Requirement:
Exclude the pictures, then quote exactly the lines from the one holding "9 Antique CELLULOID" through the last line of the records.

Given data:
-- Opening Marker --

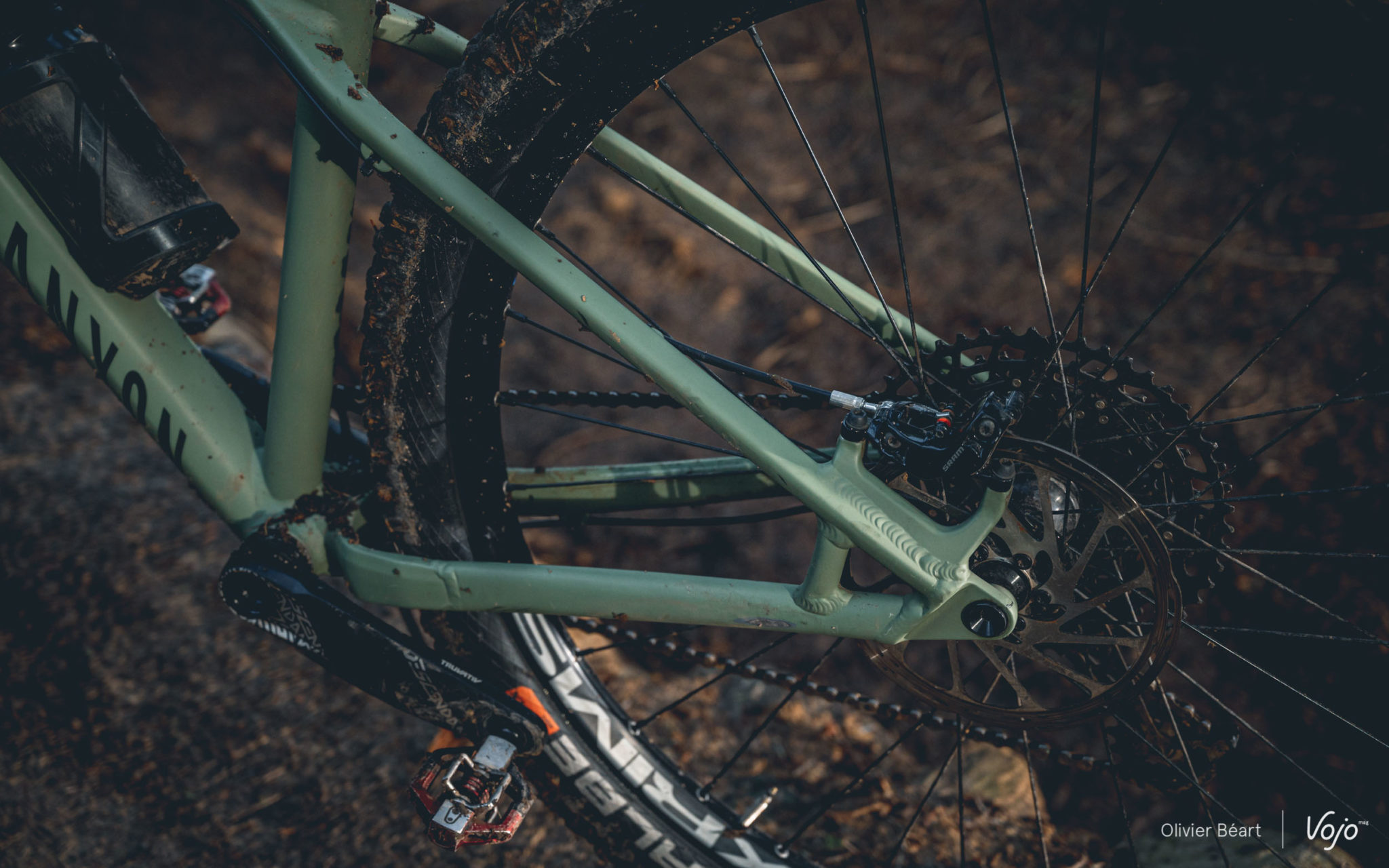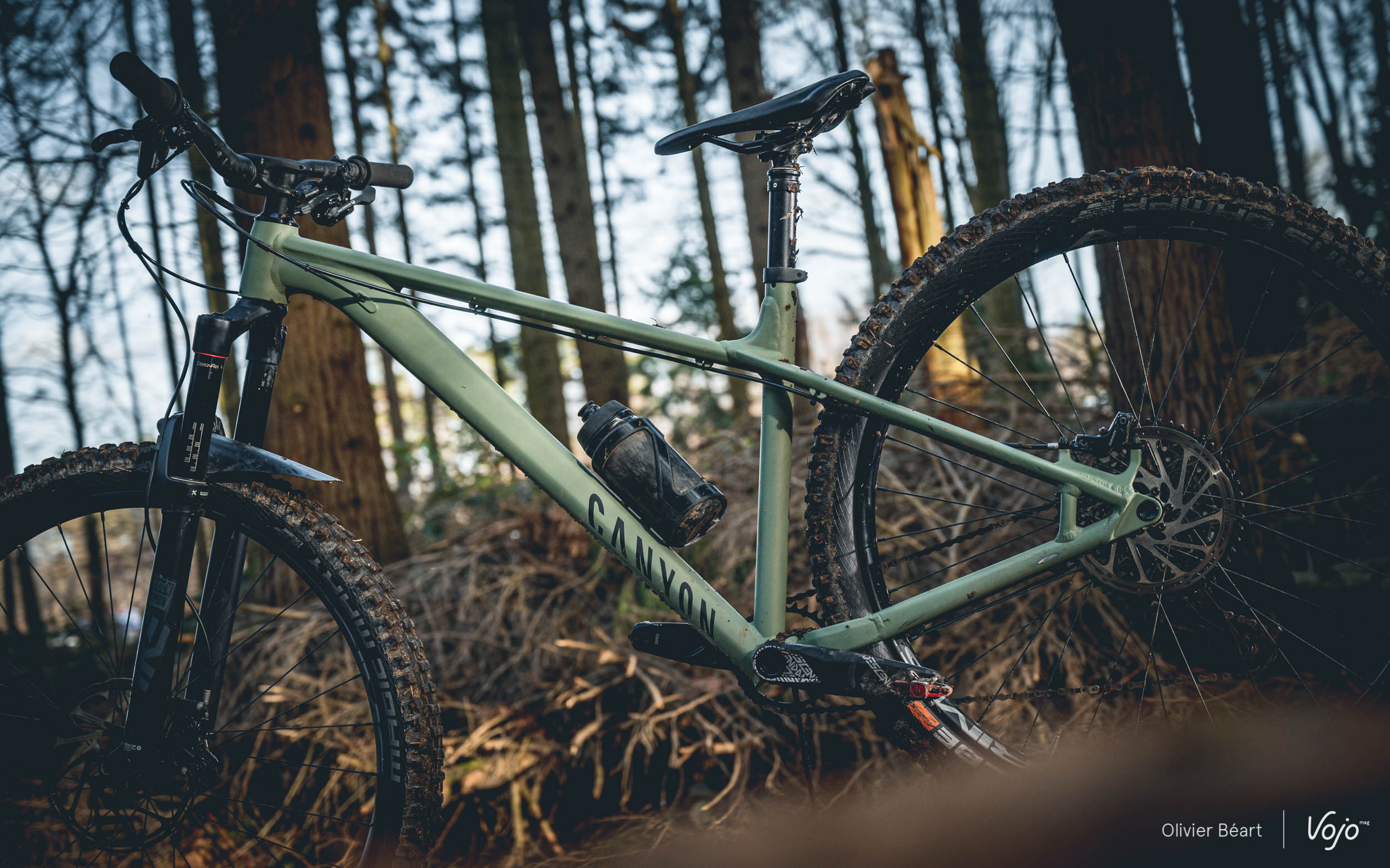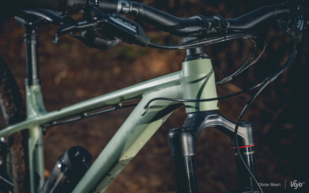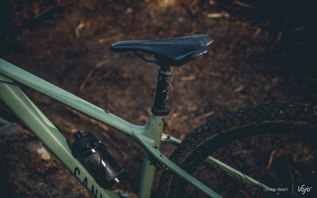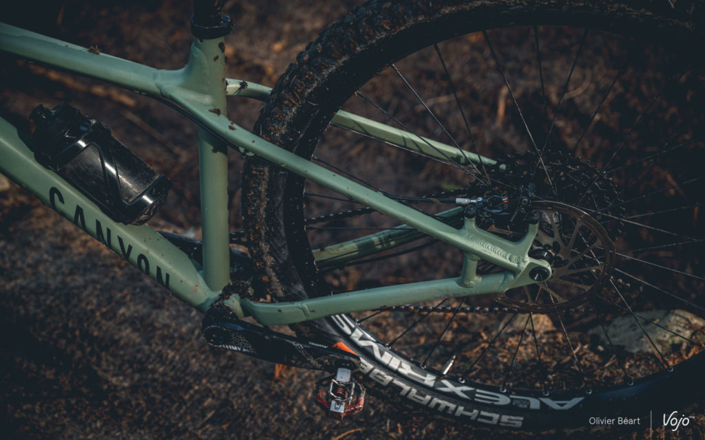 Par contre, impossible d’ignorer que le cadre est rigide. Très rigide même ! Malgré des haubans aplatis et un tube supérieur effilé, le châssis ne filtre pas grand chose et on ressent vraiment le terrain en direct. Sans filtre. On sent que Canyon a clairement privilégié la solidité et la robustesse, pour faire un cadre à l’épreuve des pires traitements, plutôt que de jouer la carte de la subtilité. Dans ce cadre, peut-être que le choix de tubes en acier aurait permis d’atteindre un meilleur compromis ?
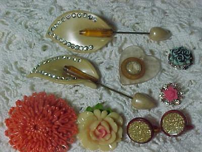 9 Antique CELLULOID Jewelry Hat Sweater Pins Brooches Clock Calla Lily Coral NR
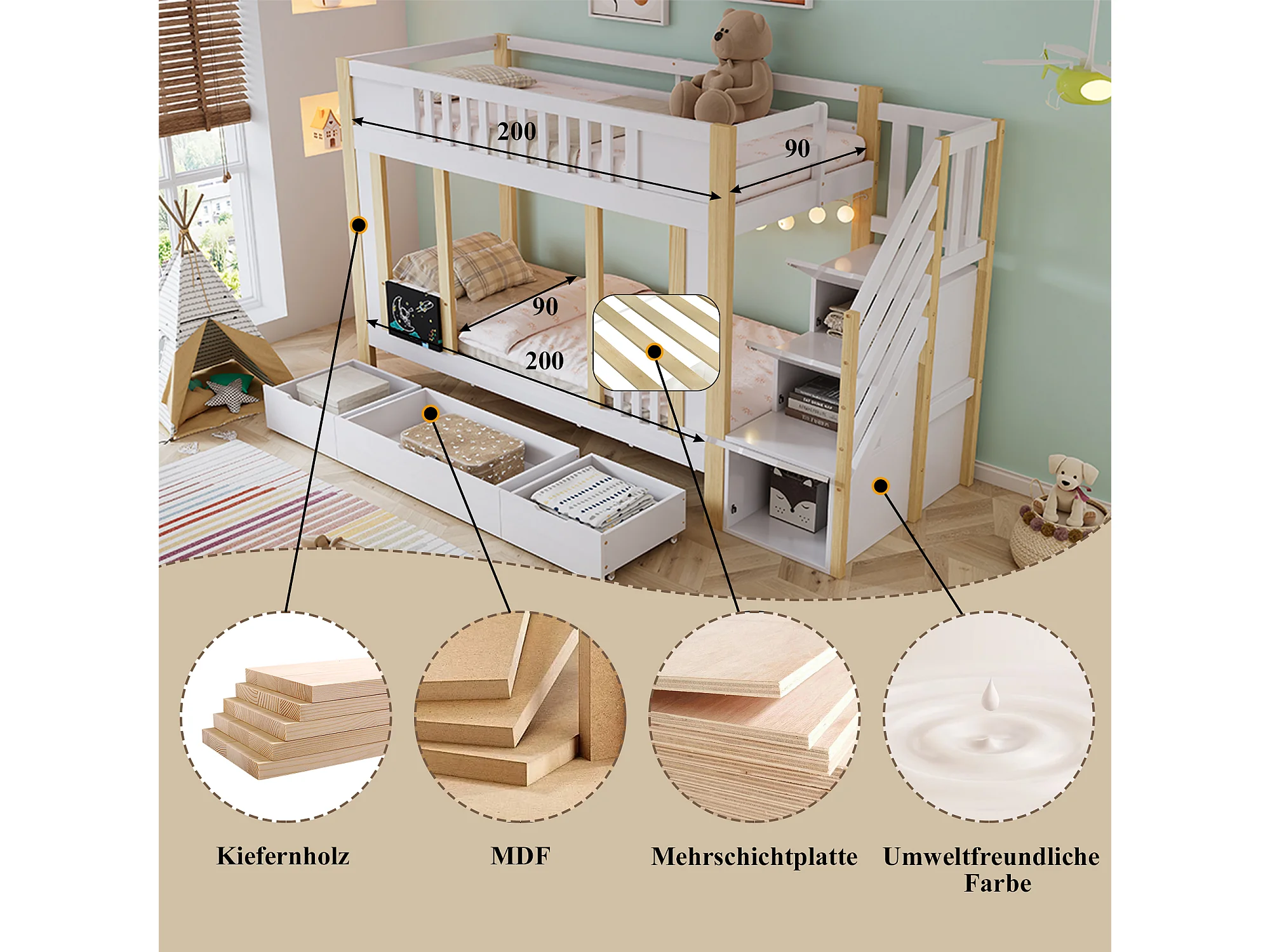 Lit superposé 90x200 cm pour enfant avec rangement sous l’escalier, 3 tiroirs sur roulettes et table de dessin – Pin + MDF + PB, Blanc et Naturel
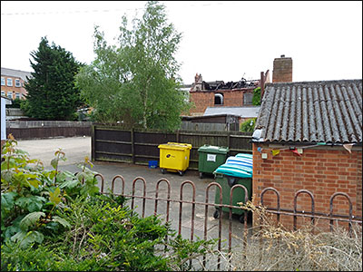 The first picture shows the rear section of the works had suffered a roof fire, and the second picture shows the view from the rear, looking across the play ground area used by Kiddi Caru day nursery in Park Road.
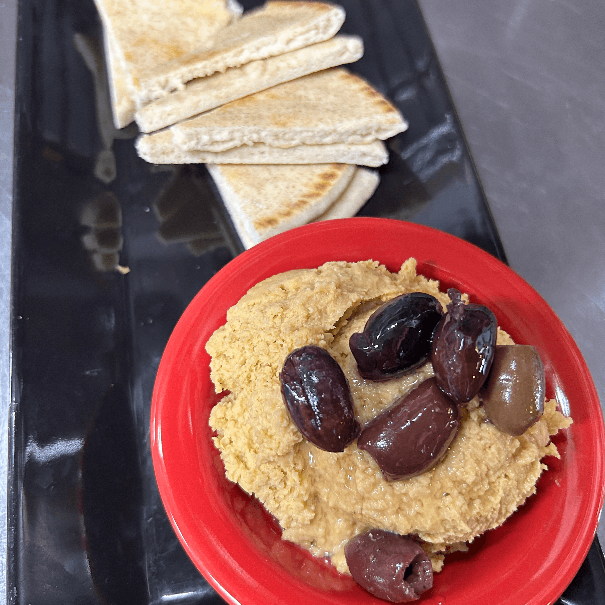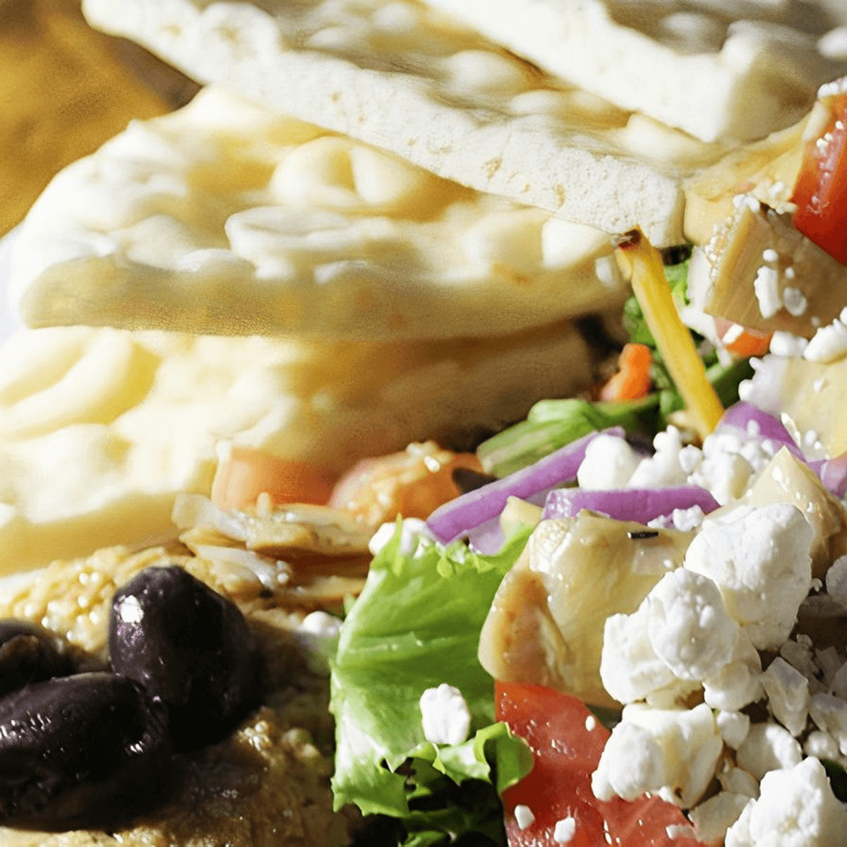 Our house-made hummus served with salad greens, roasted tomatoes, cucumbers, pickled red onions, marinated butter beans, goat cheese crumbles, and kalamata olives with creamy goat cheese dressing on the side. Served with pita bread

-- Closing Marker --

Answer to the problem:
 9 Antique CELLULOID Jewelry Hat Sweater Pins Brooches Clock Calla Lily Coral NR
 Lit superposé 90x200 cm pour enfant avec rangement sous l’escalier, 3 tiroirs sur roulettes et table de dessin – Pin + MDF + PB, Blanc et Naturel
 The first picture shows the rear section of the works had suffered a roof fire, and the second picture shows the view from the rear, looking across the play ground area used by Kiddi Caru day nursery in Park Road.
 Our house-made hummus served with salad greens, roasted tomatoes, cucumbers, pickled red onions, marinated butter beans, goat cheese crumbles, and kalamata olives with creamy goat cheese dressing on the side. Served with pita bread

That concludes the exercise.